*** Opening of INFORMATION ***

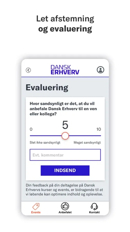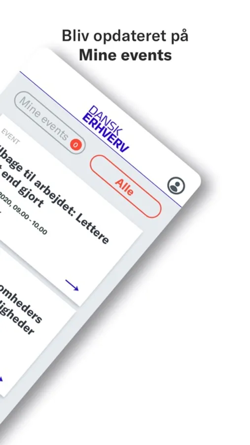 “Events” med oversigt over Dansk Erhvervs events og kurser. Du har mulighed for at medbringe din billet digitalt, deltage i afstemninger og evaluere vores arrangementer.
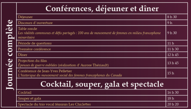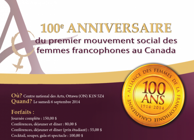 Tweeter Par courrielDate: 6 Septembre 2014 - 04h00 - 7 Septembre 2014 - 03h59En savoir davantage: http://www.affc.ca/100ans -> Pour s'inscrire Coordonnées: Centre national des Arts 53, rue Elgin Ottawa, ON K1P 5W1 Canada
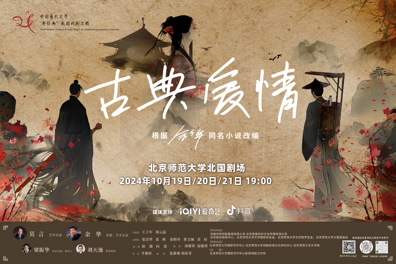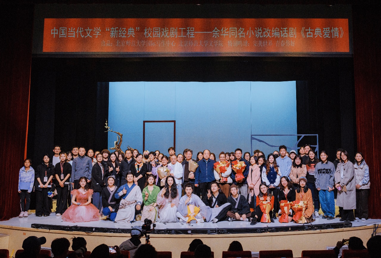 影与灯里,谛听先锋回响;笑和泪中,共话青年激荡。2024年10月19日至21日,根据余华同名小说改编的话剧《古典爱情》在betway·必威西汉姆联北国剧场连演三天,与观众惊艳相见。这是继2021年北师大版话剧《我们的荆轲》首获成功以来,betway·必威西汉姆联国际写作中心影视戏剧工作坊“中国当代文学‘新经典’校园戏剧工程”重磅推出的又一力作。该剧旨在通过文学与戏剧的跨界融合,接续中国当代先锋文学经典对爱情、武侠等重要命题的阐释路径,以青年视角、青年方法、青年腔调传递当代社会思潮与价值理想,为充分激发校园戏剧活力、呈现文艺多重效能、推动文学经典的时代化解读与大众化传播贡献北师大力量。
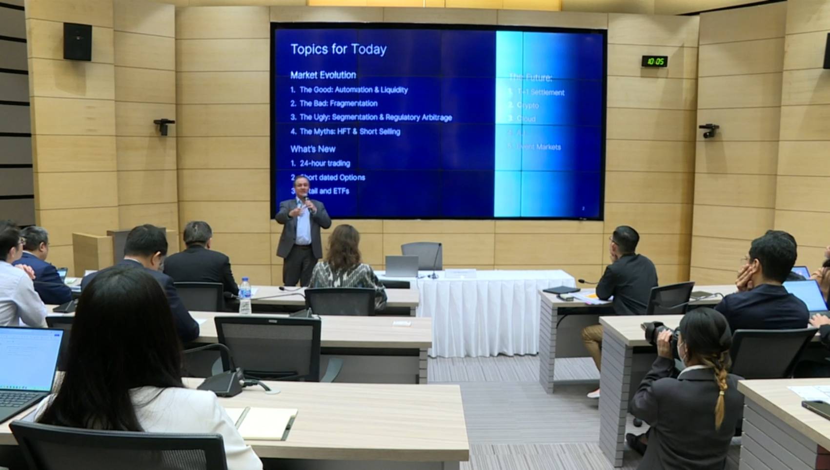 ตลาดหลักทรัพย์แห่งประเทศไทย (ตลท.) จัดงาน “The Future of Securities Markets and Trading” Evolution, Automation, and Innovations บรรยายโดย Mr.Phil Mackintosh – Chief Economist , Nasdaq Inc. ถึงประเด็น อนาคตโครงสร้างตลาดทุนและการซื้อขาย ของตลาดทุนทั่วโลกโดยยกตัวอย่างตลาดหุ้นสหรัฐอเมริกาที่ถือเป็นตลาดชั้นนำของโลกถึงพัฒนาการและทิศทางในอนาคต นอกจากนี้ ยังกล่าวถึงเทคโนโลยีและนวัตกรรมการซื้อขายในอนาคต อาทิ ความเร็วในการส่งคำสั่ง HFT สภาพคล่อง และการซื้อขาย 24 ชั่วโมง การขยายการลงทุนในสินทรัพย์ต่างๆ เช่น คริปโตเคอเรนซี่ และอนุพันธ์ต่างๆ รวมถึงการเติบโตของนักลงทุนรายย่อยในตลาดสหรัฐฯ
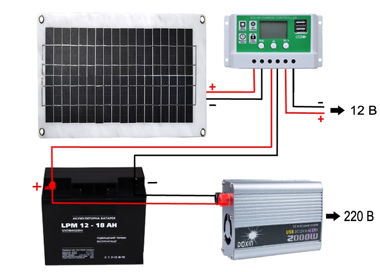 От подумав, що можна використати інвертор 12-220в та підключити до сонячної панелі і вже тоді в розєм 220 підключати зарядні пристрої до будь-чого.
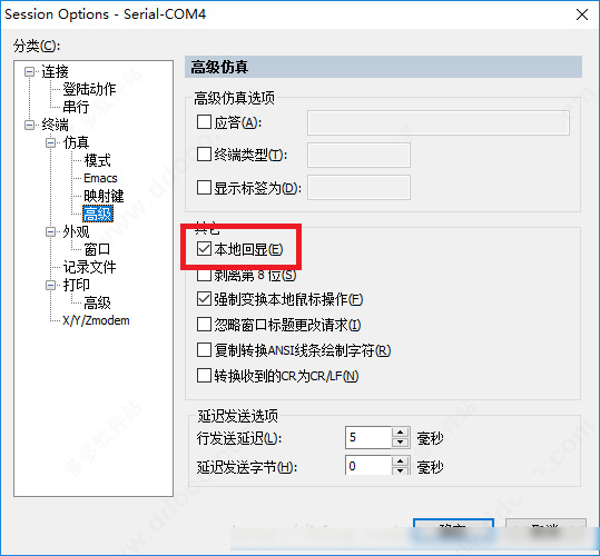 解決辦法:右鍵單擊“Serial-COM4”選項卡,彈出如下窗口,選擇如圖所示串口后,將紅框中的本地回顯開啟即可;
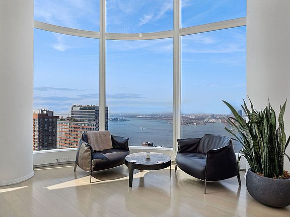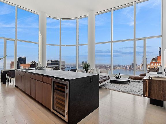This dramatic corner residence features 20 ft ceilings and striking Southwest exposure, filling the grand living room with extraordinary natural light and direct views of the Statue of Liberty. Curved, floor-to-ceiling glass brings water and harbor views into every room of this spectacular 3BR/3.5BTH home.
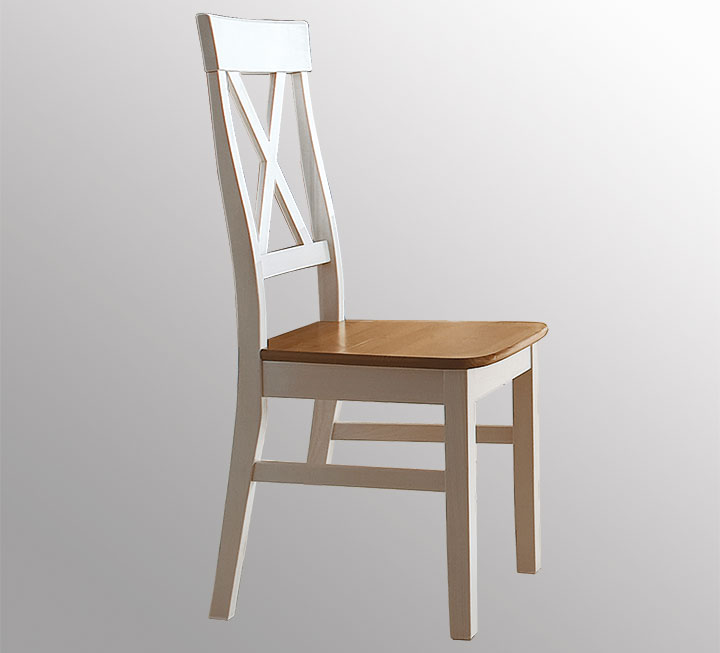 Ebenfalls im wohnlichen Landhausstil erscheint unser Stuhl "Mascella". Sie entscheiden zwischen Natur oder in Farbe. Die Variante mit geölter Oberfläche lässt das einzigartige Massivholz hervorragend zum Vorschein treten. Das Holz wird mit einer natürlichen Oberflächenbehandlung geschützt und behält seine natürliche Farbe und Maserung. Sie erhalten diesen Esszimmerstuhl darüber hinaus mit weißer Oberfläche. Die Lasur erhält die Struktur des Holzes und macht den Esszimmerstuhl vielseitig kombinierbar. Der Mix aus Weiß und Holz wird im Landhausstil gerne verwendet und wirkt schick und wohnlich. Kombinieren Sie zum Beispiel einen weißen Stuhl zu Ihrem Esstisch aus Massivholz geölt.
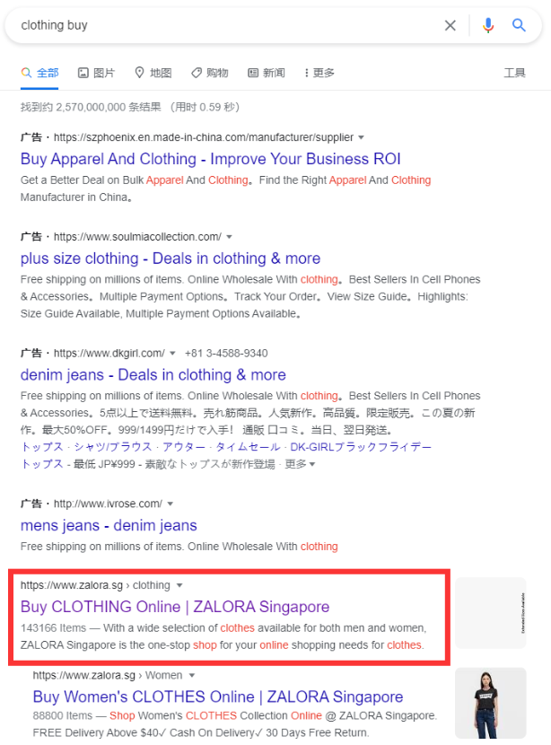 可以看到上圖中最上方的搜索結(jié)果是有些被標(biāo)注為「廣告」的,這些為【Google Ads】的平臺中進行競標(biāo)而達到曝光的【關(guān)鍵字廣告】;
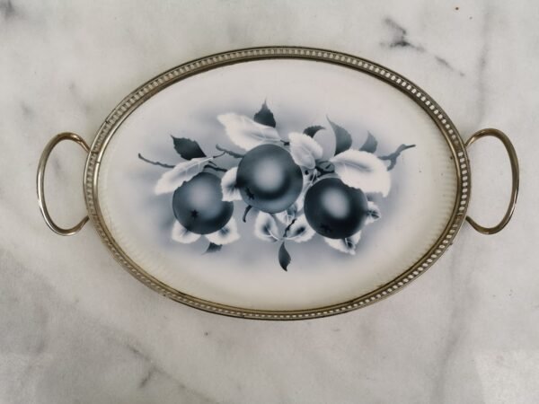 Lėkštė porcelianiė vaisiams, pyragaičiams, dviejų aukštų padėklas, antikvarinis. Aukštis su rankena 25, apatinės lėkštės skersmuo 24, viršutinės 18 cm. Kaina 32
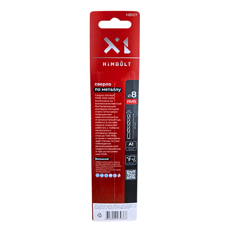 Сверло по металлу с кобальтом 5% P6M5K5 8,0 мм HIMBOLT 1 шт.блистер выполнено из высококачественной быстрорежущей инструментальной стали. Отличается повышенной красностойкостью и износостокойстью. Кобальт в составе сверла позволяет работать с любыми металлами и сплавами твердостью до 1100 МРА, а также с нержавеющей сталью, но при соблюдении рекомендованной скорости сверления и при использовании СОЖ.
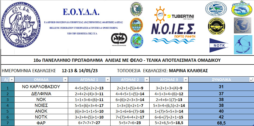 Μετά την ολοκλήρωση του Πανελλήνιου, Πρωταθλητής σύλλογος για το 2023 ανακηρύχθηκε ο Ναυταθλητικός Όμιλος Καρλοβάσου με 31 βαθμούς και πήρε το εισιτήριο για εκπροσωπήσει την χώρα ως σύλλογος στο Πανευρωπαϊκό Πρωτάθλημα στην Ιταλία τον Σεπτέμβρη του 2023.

*** Close of INFORMATION ***

• [TASK STATEMENT]: Set down all entries above again, exactly, without images.

• [ANSWER BOX]:
 “Events” med oversigt over Dansk Erhvervs events og kurser. Du har mulighed for at medbringe din billet digitalt, deltage i afstemninger og evaluere vores arrangementer.
 Tweeter Par courrielDate: 6 Septembre 2014 - 04h00 - 7 Septembre 2014 - 03h59En savoir davantage: http://www.affc.ca/100ans -> Pour s'inscrire Coordonnées: Centre national des Arts 53, rue Elgin Ottawa, ON K1P 5W1 Canada
 影与灯里,谛听先锋回响;笑和泪中,共话青年激荡。2024年10月19日至21日,根据余华同名小说改编的话剧《古典爱情》在betway·必威西汉姆联北国剧场连演三天,与观众惊艳相见。这是继2021年北师大版话剧《我们的荆轲》首获成功以来,betway·必威西汉姆联国际写作中心影视戏剧工作坊“中国当代文学‘新经典’校园戏剧工程”重磅推出的又一力作。该剧旨在通过文学与戏剧的跨界融合,接续中国当代先锋文学经典对爱情、武侠等重要命题的阐释路径,以青年视角、青年方法、青年腔调传递当代社会思潮与价值理想,为充分激发校园戏剧活力、呈现文艺多重效能、推动文学经典的时代化解读与大众化传播贡献北师大力量。
 ตลาดหลักทรัพย์แห่งประเทศไทย (ตลท.) จัดงาน “The Future of Securities Markets and Trading” Evolution, Automation, and Innovations บรรยายโดย Mr.Phil Mackintosh – Chief Economist , Nasdaq Inc. ถึงประเด็น อนาคตโครงสร้างตลาดทุนและการซื้อขาย ของตลาดทุนทั่วโลกโดยยกตัวอย่างตลาดหุ้นสหรัฐอเมริกาที่ถือเป็นตลาดชั้นนำของโลกถึงพัฒนาการและทิศทางในอนาคต นอกจากนี้ ยังกล่าวถึงเทคโนโลยีและนวัตกรรมการซื้อขายในอนาคต อาทิ ความเร็วในการส่งคำสั่ง HFT สภาพคล่อง และการซื้อขาย 24 ชั่วโมง การขยายการลงทุนในสินทรัพย์ต่างๆ เช่น คริปโตเคอเรนซี่ และอนุพันธ์ต่างๆ รวมถึงการเติบโตของนักลงทุนรายย่อยในตลาดสหรัฐฯ
 От подумав, що можна використати інвертор 12-220в та підключити до сонячної панелі і вже тоді в розєм 220 підключати зарядні пристрої до будь-чого.
 解決辦法:右鍵單擊“Serial-COM4”選項卡,彈出如下窗口,選擇如圖所示串口后,將紅框中的本地回顯開啟即可;
This dramatic corner residence features 20 ft ceilings and striking Southwest exposure, filling the grand living room with extraordinary natural light and direct views of the Statue of Liberty. Curved, floor-to-ceiling glass brings water and harbor views into every room of this spectacular 3BR/3.5BTH home.
 Ebenfalls im wohnlichen Landhausstil erscheint unser Stuhl "Mascella". Sie entscheiden zwischen Natur oder in Farbe. Die Variante mit geölter Oberfläche lässt das einzigartige Massivholz hervorragend zum Vorschein treten. Das Holz wird mit einer natürlichen Oberflächenbehandlung geschützt und behält seine natürliche Farbe und Maserung. Sie erhalten diesen Esszimmerstuhl darüber hinaus mit weißer Oberfläche. Die Lasur erhält die Struktur des Holzes und macht den Esszimmerstuhl vielseitig kombinierbar. Der Mix aus Weiß und Holz wird im Landhausstil gerne verwendet und wirkt schick und wohnlich. Kombinieren Sie zum Beispiel einen weißen Stuhl zu Ihrem Esstisch aus Massivholz geölt.
 可以看到上圖中最上方的搜索結(jié)果是有些被標(biāo)注為「廣告」的,這些為【Google Ads】的平臺中進行競標(biāo)而達到曝光的【關(guān)鍵字廣告】;
 Lėkštė porcelianiė vaisiams, pyragaičiams, dviejų aukštų padėklas, antikvarinis. Aukštis su rankena 25, apatinės lėkštės skersmuo 24, viršutinės 18 cm. Kaina 32
 Сверло по металлу с кобальтом 5% P6M5K5 8,0 мм HIMBOLT 1 шт.блистер выполнено из высококачественной быстрорежущей инструментальной стали. Отличается повышенной красностойкостью и износостокойстью. Кобальт в составе сверла позволяет работать с любыми металлами и сплавами твердостью до 1100 МРА, а также с нержавеющей сталью, но при соблюдении рекомендованной скорости сверления и при использовании СОЖ.
 Μετά την ολοκλήρωση του Πανελλήνιου, Πρωταθλητής σύλλογος για το 2023 ανακηρύχθηκε ο Ναυταθλητικός Όμιλος Καρλοβάσου με 31 βαθμούς και πήρε το εισιτήριο για εκπροσωπήσει την χώρα ως σύλλογος στο Πανευρωπαϊκό Πρωτάθλημα στην Ιταλία τον Σεπτέμβρη του 2023.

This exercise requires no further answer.